Figure 2: Retrieve Blat Top-Hit Dialog.
Data Import and Export (PRO Feature)
Under the File and Tools menu there are several useful PRO features that can be used to manipulate sequence data.
Load
- Extract and import sequences from a FASTA and a GFF/GTF file (Figure 3).
- Load GTF/GFF2/GFF3
- Load Accession List: Load Gene Ontology annotations via an Accession list.
- Load GeneSymbol List: Load Gene Ontology annotations via a GeneSymbol list.
- Load GI-List: load Gene Ontology annotations via a GenInfo Identifier (gi) list. Please consider the identifier to be between vertical bar e.g. gi|356569257|.
- Load Data from BioMart: Load Gene Ontology annotations from BioMart.
The Accession List and the GeneSymbol file should contain two columns (separated by tab) per line. The first column the accession id or gene symbol and the second column may contain the corresponding taxonomy.
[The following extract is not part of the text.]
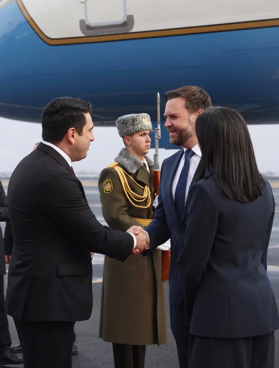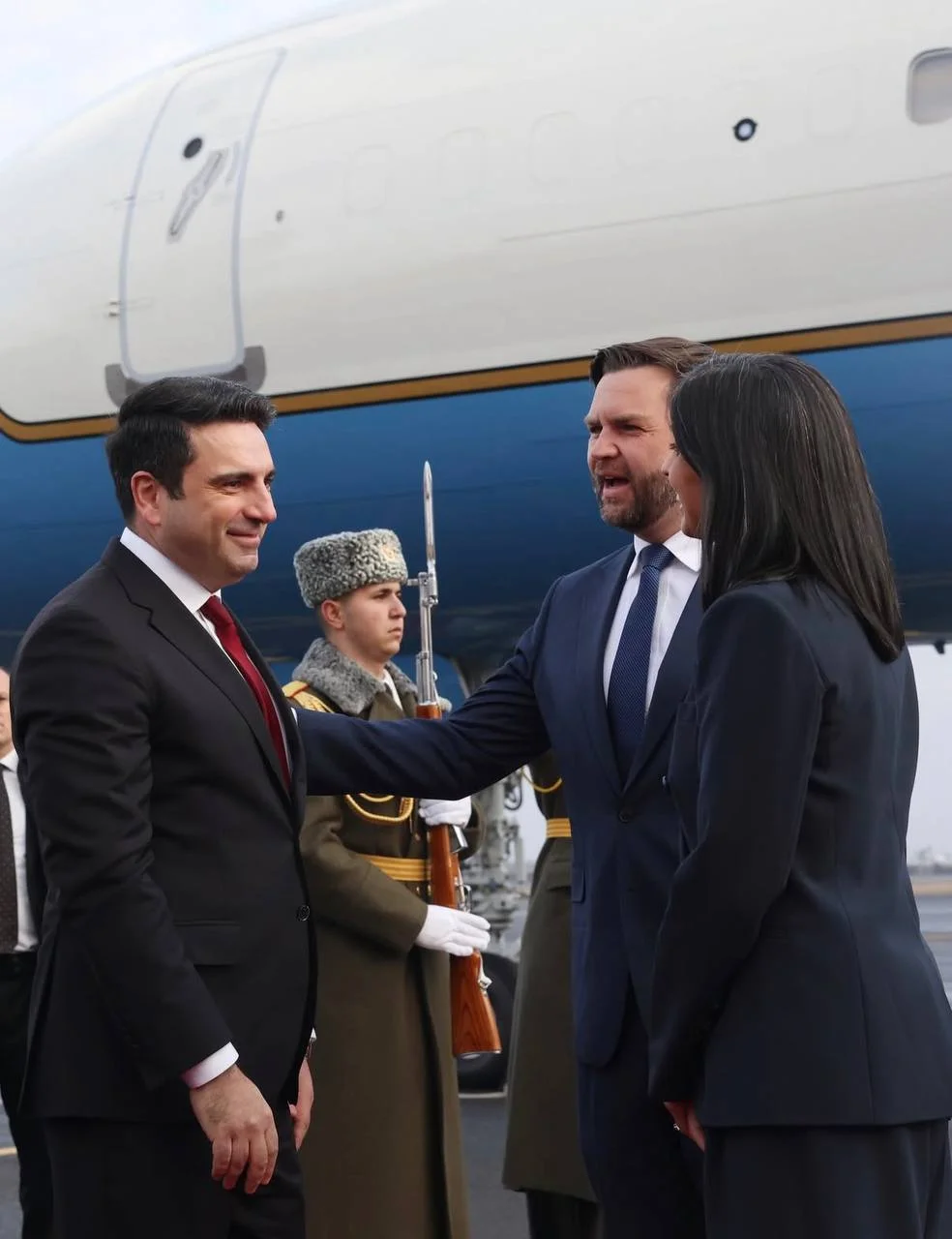 ՀՀ Ազգային ժողովի նախագահ Ալեն Սիմոնյանը լուսանկարներ է հրապարակել ԱՄՆ փոխնախագահ Ջեյ Դի Վենսի դիմավորման արարողությունից։

The second column is optional.
Figure 3: Extract and import sequences from a FASTA and a GFF/GTF file.
Export
- Generic Export: This option allows you to export all the desired information to a text file.
- Export Selected Sequences as Project: Only the selected sequences can be exported and saved in .dat file.
- Export Sequence Table: Export the current Main Sequence Table for the selected sequences.
- Export TopBlast data: It will export the best-blast-hit for each sequence, this is the hit with the lowest e-value.
- Export GO Propagation: Exports the GO parents up to the root for the annotated sequences.
- Export Sequences per GO (Gene Set):
- Export GFF2/GTF
- Export GFF3: This option is only visible if a GFF file is loaded in Blast2GO or if a GFF has been generated from Gene Finding.